▸ **EXERCISE GOAL**
Transcribe everything in the listing as written, and let no image into the copy.

━━ INFORMATION SUPPLIED

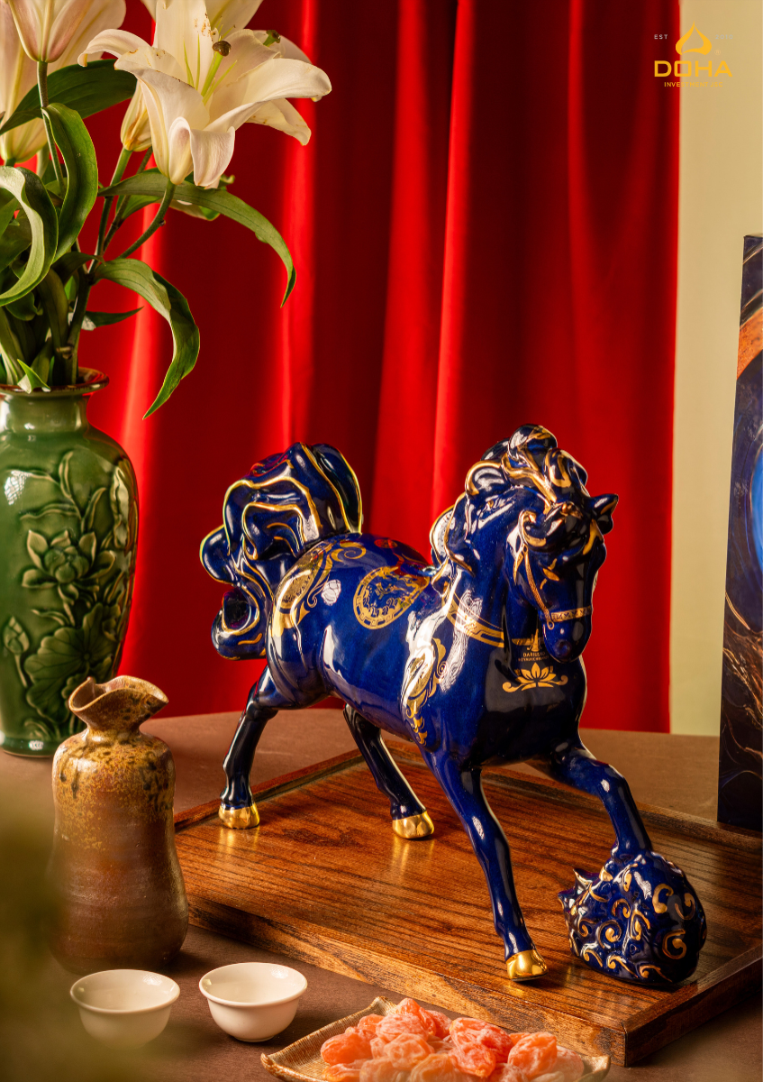 Tác phẩm sở hữu tạo hình mạnh mẽ và thanh thoát: dáng ngựa cưỡi mây hiên ngang, phủ men ngọc xanh dương huyền bí, dát vàng 23K lộng lẫy, biểu trưng cho khí chất lãnh đạo vận khí hanh thông.
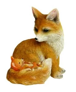 This beautifully hand-painted statue depicts a mother fox cradling her kit in her tail. A sweet reminder of a mother’s love and devotion to her young, this nurturing fox and her kit are sure to find a special place in your garden and in your heart.
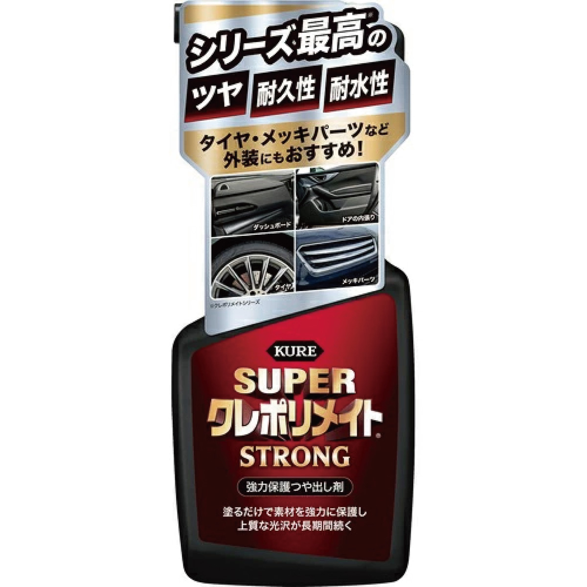 ロングセラーの保護つや出し剤、「ポリメイト」の最強モデル。シリーズ最高のツヤや耐久性、耐水性を備えており、内装パーツだけでなくカウルトップカバーやタイヤなどの外装にも使用できる。メッキパーツや合成皮革にも対応。
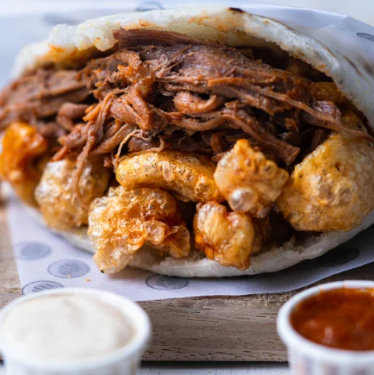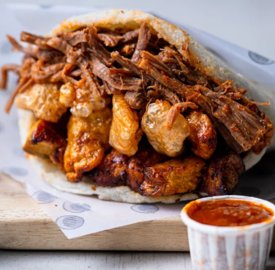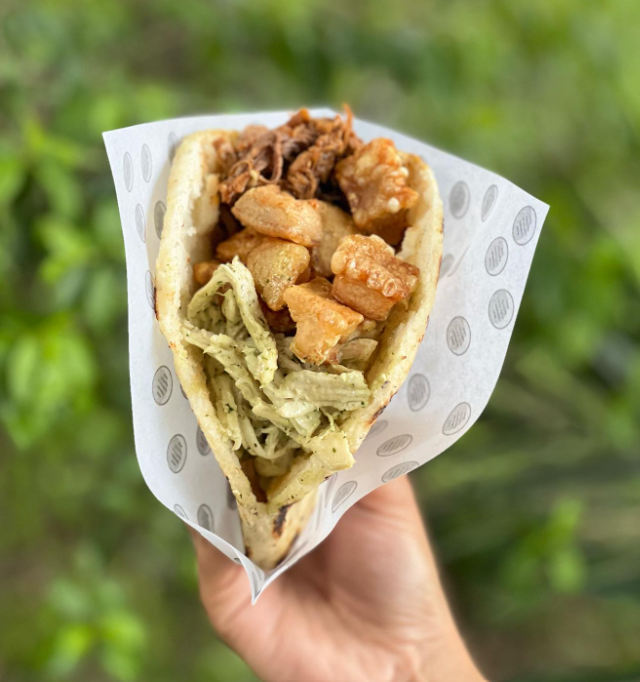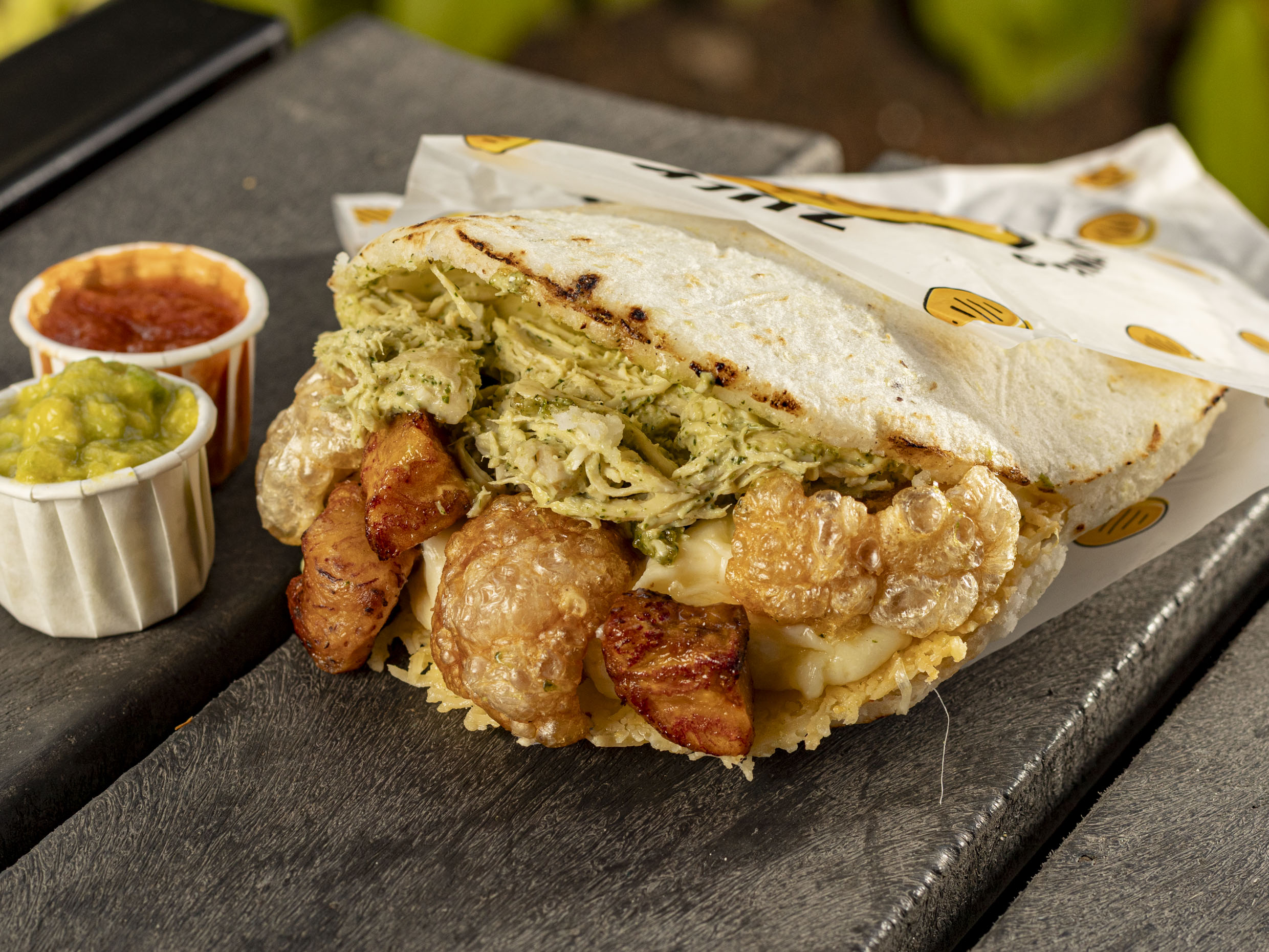 Arepa con carne desmechada en salsa ancestral, pollo desmechado salsa casera de cilantro y chicharrón crocantico.
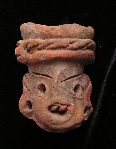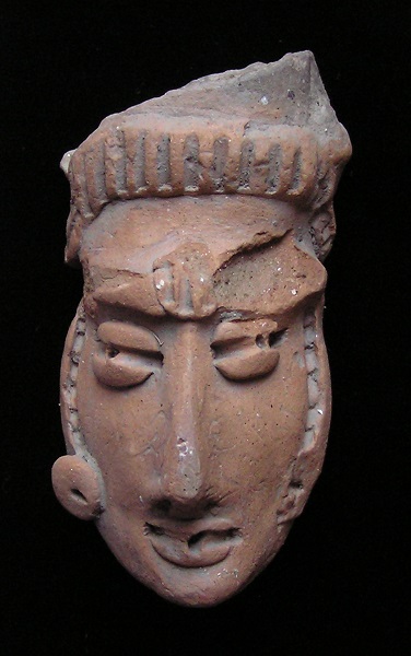 Nopilioa, 100-600 AD, Veracruz Statue face fragment Classic Veracruz culture (or Gulf Coast Classic culture) refers to a cultural area in the north and central areas of the present-day Mexican state of Veracruz, a culture that existed from roughly 100 to 1000 CE, or during the Classic era.[1] El Tajin was the major center of Classic Veracruz culture; other notable settlements include Higueras, Zapotal, Cerro de las Mesas, Nopiloa, and Remojadas, the latter two important ceramics centers. The culture spanned the Gulf Coast between the Pánuco River on the north and the Papaloapan River on the south. Size: 1-7/8-inch tall Condition: Excellent condition, with good mineral deposits, Stable NOTE: A group MesoAmerican antiquities recently aquired were mounted in a shadow box. Substantial residual glue (resin or silicome adhesive) used in the mounting is on the back of this piece. BUY NOW $89.95 plus shipping |
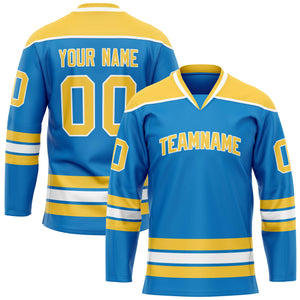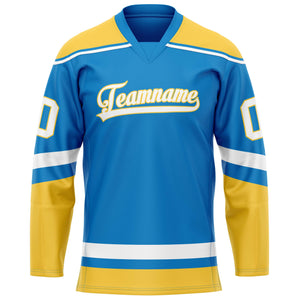 Custom Blue Yellow Solid Colour Hockey Jersey
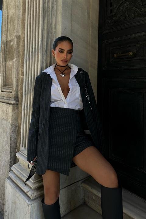 Jerry Şort Etekli Çizgili Takım 9691-24
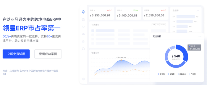 伴随着跨境电商行业的快速发展,领星在过去的一年也取得了一定的成绩。根据知名统计机构艾瑞咨询的统计,领星在以亚马逊为主的跨境电商 ERP 当中,市场占有率第一。值得一提的是,领星在 2024 年营收同比增长超过 85%,服务的跨境企业数量超过 60 万家。
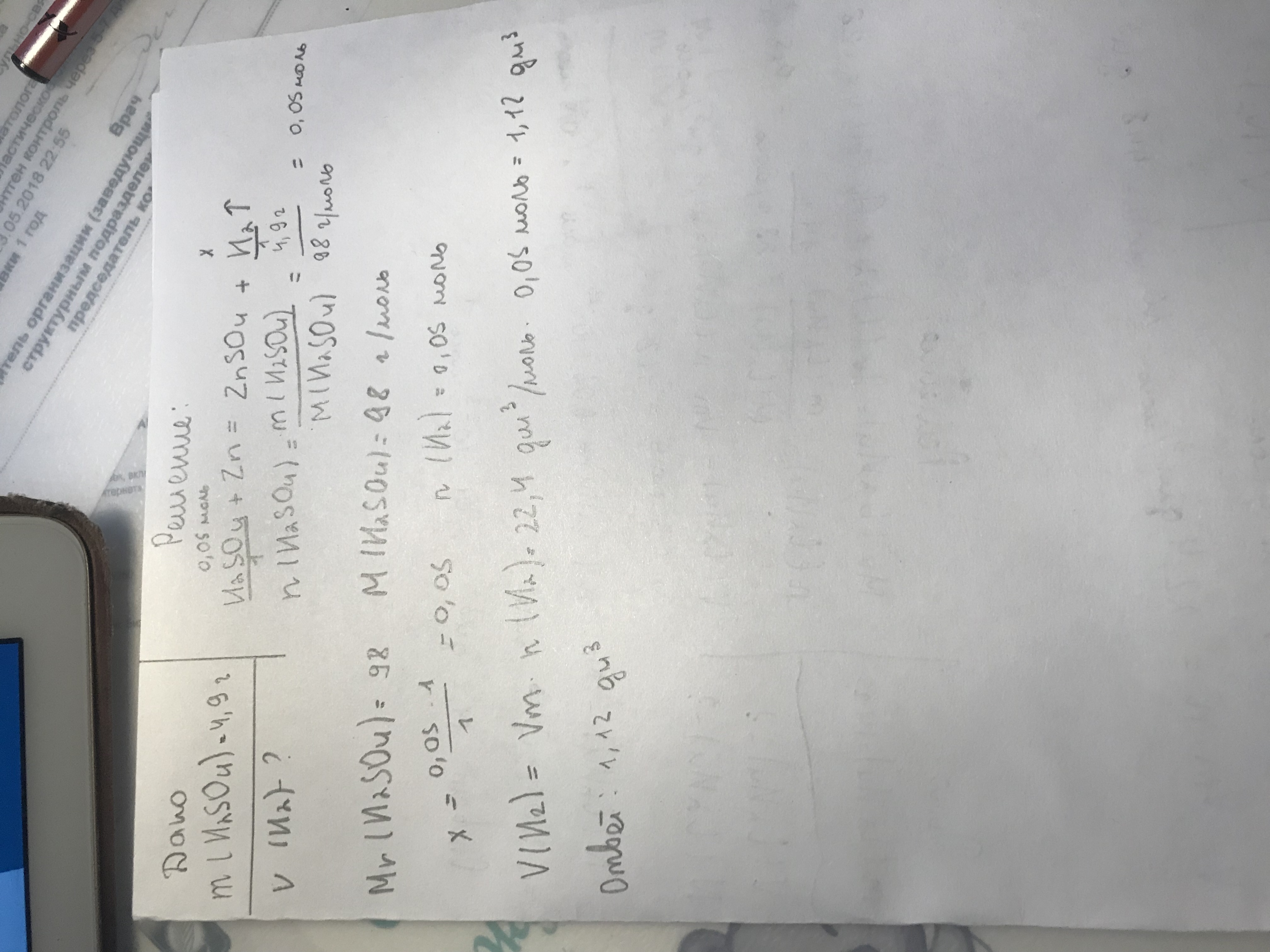 рассчитать объём водорода, который выделяется при взаимодействии 4,9 грамма серной кислоты с цинком
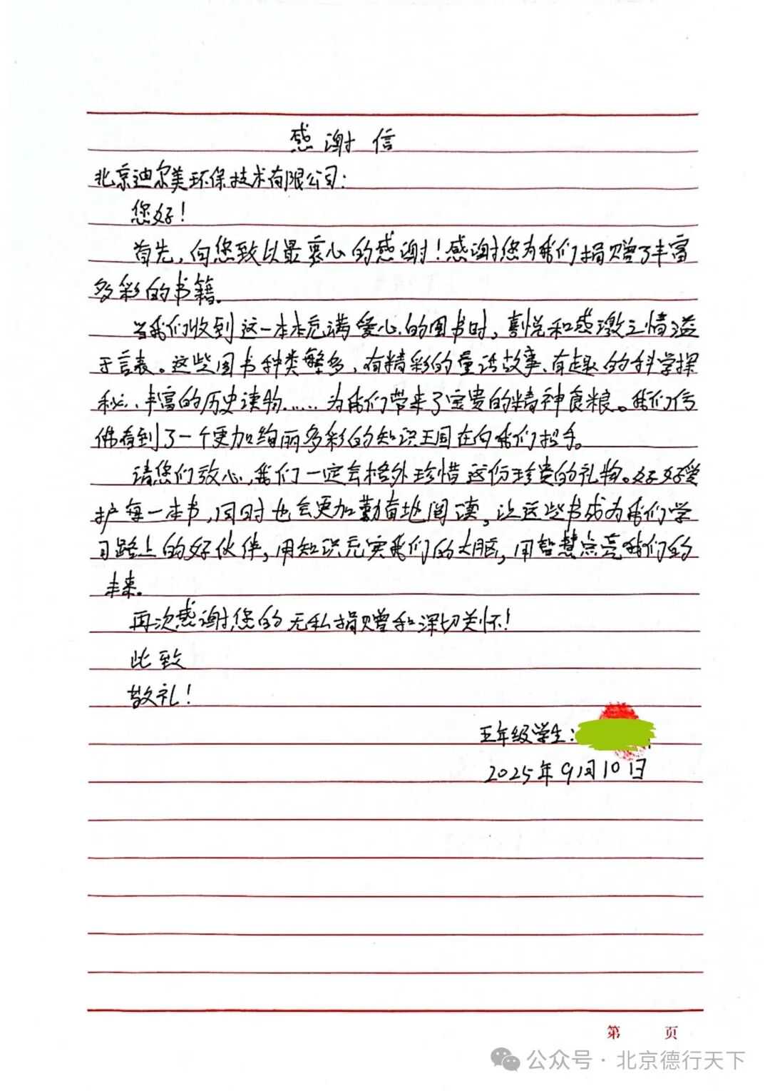 我们诚挚感谢北京迪尔美环保技术有限公司,同时也呼吁更多爱心人士加入这场温暖行动。无论是捐赠一本书,还是分享一份力量,您的小小善举都可能成为孩子人生路上的明灯。
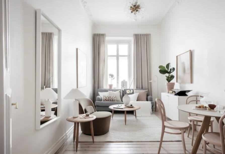 تلعب الألوان الفاتحة دورًا كبيرًا في توسيع الشعور بالمساحة في الشقق الصغيرة. يعكس استخدام الألوان الفاتحة مثل الأبيض والألوان الباستيلية الضوء بشكل أفضل، مما يجعل الغرف تبدو أكبر وأكثر إشراقًا. بالإضافة إلى ذلك، يمكن استخدام المرايا بشكل استراتيجي لخلق انطباع بالعمق والمساحة. توضع المرايا عادةً مقابل النوافذ لتعكس الضوء الطبيعي وتزيد من إشراق الغرف.
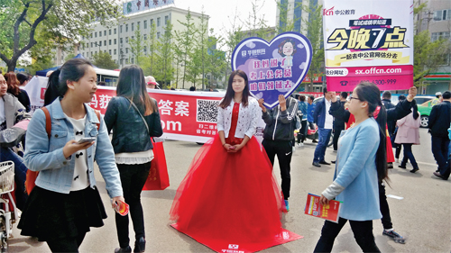 4月23日11點(diǎn)左右,記者在我市城區(qū)忻州一中校門口看到,一名身穿紅色婚紗裙的女生舉著牌子——“我媽說了,考上公務(wù)員,咱們領(lǐng)證去”。當(dāng)天是2016年山西省公務(wù)員考試筆試的日子,這是一家公考培訓(xùn)機(jī)構(gòu)在考點(diǎn)附近進(jìn)行宣傳活動,宣傳者靚麗的外表、婚紗裙的著裝和新奇的廣告語吸引了很多考生的目光,甚至一些路人也駐足觀看。不過,這種夸張的廣告詞,所謂的“考上公務(wù)員去領(lǐng)證”的想法是否正確,也應(yīng)該引起大家的反思。(許凈 攝)
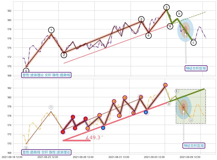 ➢ 趋势线属【短级别信号事件】波浪理论属【长级别信号事件】长短周期组合信号事件, 短长事件长度比23.99%

━━━━

▸ **WRITTEN SOLUTION**
 Tác phẩm sở hữu tạo hình mạnh mẽ và thanh thoát: dáng ngựa cưỡi mây hiên ngang, phủ men ngọc xanh dương huyền bí, dát vàng 23K lộng lẫy, biểu trưng cho khí chất lãnh đạo vận khí hanh thông.
 This beautifully hand-painted statue depicts a mother fox cradling her kit in her tail. A sweet reminder of a mother’s love and devotion to her young, this nurturing fox and her kit are sure to find a special place in your garden and in your heart.
 ロングセラーの保護つや出し剤、「ポリメイト」の最強モデル。シリーズ最高のツヤや耐久性、耐水性を備えており、内装パーツだけでなくカウルトップカバーやタイヤなどの外装にも使用できる。メッキパーツや合成皮革にも対応。
 Arepa con carne desmechada en salsa ancestral, pollo desmechado salsa casera de cilantro y chicharrón crocantico.
 Nopilioa, 100-600 AD, Veracruz Statue face fragment Classic Veracruz culture (or Gulf Coast Classic culture) refers to a cultural area in the north and central areas of the present-day Mexican state of Veracruz, a culture that existed from roughly 100 to 1000 CE, or during the Classic era.[1] El Tajin was the major center of Classic Veracruz culture; other notable settlements include Higueras, Zapotal, Cerro de las Mesas, Nopiloa, and Remojadas, the latter two important ceramics centers. The culture spanned the Gulf Coast between the Pánuco River on the north and the Papaloapan River on the south. Size: 1-7/8-inch tall Condition: Excellent condition, with good mineral deposits, Stable NOTE: A group MesoAmerican antiquities recently aquired were mounted in a shadow box. Substantial residual glue (resin or silicome adhesive) used in the mounting is on the back of this piece. BUY NOW $89.95 plus shipping |
 Custom Blue Yellow Solid Colour Hockey Jersey
 Jerry Şort Etekli Çizgili Takım 9691-24
 伴随着跨境电商行业的快速发展,领星在过去的一年也取得了一定的成绩。根据知名统计机构艾瑞咨询的统计,领星在以亚马逊为主的跨境电商 ERP 当中,市场占有率第一。值得一提的是,领星在 2024 年营收同比增长超过 85%,服务的跨境企业数量超过 60 万家。
 рассчитать объём водорода, который выделяется при взаимодействии 4,9 грамма серной кислоты с цинком
 我们诚挚感谢北京迪尔美环保技术有限公司,同时也呼吁更多爱心人士加入这场温暖行动。无论是捐赠一本书,还是分享一份力量,您的小小善举都可能成为孩子人生路上的明灯。
 تلعب الألوان الفاتحة دورًا كبيرًا في توسيع الشعور بالمساحة في الشقق الصغيرة. يعكس استخدام الألوان الفاتحة مثل الأبيض والألوان الباستيلية الضوء بشكل أفضل، مما يجعل الغرف تبدو أكبر وأكثر إشراقًا. بالإضافة إلى ذلك، يمكن استخدام المرايا بشكل استراتيجي لخلق انطباع بالعمق والمساحة. توضع المرايا عادةً مقابل النوافذ لتعكس الضوء الطبيعي وتزيد من إشراق الغرف.
 4月23日11點(diǎn)左右,記者在我市城區(qū)忻州一中校門口看到,一名身穿紅色婚紗裙的女生舉著牌子——“我媽說了,考上公務(wù)員,咱們領(lǐng)證去”。當(dāng)天是2016年山西省公務(wù)員考試筆試的日子,這是一家公考培訓(xùn)機(jī)構(gòu)在考點(diǎn)附近進(jìn)行宣傳活動,宣傳者靚麗的外表、婚紗裙的著裝和新奇的廣告語吸引了很多考生的目光,甚至一些路人也駐足觀看。不過,這種夸張的廣告詞,所謂的“考上公務(wù)員去領(lǐng)證”的想法是否正確,也應(yīng)該引起大家的反思。(許凈 攝)
 ➢ 趋势线属【短级别信号事件】波浪理论属【长级别信号事件】长短周期组合信号事件, 短长事件长度比23.99%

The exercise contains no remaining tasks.